The principle I have just stated has a universal significance, embracing the entire civilization of our time. If we think of the education of young people today, we must always bear in mind that we are working on the feelings, the ideas, the will impulses of the next generation. We must be clear that our present work is to prepare this next generation for definite tasks that will have to be accomplished sometime in the future of mankind. When something of this sort has been said, the question at once arises: what is the real cause for mankind having fallen into the widespread misery in which it is today? Mankind has come into such misery because it has for the most part made itself dependent, dependent through and through, on the manner of thinking and feeling peculiar to western man. We can say that if someone in Central Europe today speaks of Fichte, Herder, or even of Goethe, then—if he is active in public life (say as a journalist, as a writer of best-selling books, or the like)—he is much farther removed from the true spiritual impulse living in Fichte, Herder or Goethe when he is active or thinking in Berlin or Vienna, than he is from what is being felt and thought today in London, Paris, New York or Chicago. Fundamentally speaking, matters have gradually worked out in such a way that our whole civilization has been flooded by impulses arising from the world view of the western peoples; our entire public life lives according to the philosophy of these nations.

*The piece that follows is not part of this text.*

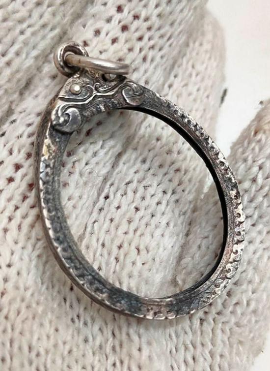 กรอบเงินเก่า ใส่เหรียญหลวงพ่อแดง รุ่น1-2-3 หนักประมาน 5.5 กรัม
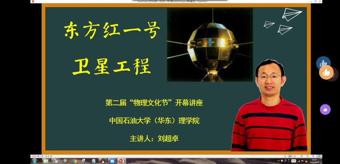 4月25日,为纪念我国发射第一颗人造卫星50周年,太阳成集团tyc9728员工物理协会、物理各班级团支部联合举办以回顾东方红一号发射历史为主题的讲座,同时将其作为第二届物理文化节的开幕式活动。疫情期间,活动以远程在线形式举行。太阳成集团tyc9728本科生教学秘书王辰、应用物理系王殿生、刘学锋、刘超卓等教师和全校各专业员工以及部分员工家长等550余人参加了本次活动。

We have to admit that this is particularly true where the art of education is concerned, for from the last third of the 19th century onwards the peoples of Central Europe have taken their lead in such matters from the people of the West. It is taken for granted today among men who debate educational matters among other topics that they should utilize the habits of thought that come from the West. If you were to trace back all the educational ideas considered reasonable in Central Europe today, you would find their source in the views of Herbert Spencer or men of his sort. We do not pay attention to the numerous pathways by which the views of such men enter the heads of people who set the tone in spiritual matters in Central Europe. Nonetheless these paths exist and are to be found. And if you take the spirit of an educational philosophy such as appeared through a man like Fichte (I will not lay any special importance on its details), you will find it not merely totally different from what is generally considered sensible pedagogy today; it is fact that the men of our time are hardly capable of bringing their souls into the way of thinking and feeling that would permit them to conceive how the intentions of a Fichte or Herder might be developed farther. Thus what we experience today in the field of pedagogy, in the art of education, what has become the rule there, is precisely the opposite of what it ought to be. Let me draw your attention to something Spencer has written.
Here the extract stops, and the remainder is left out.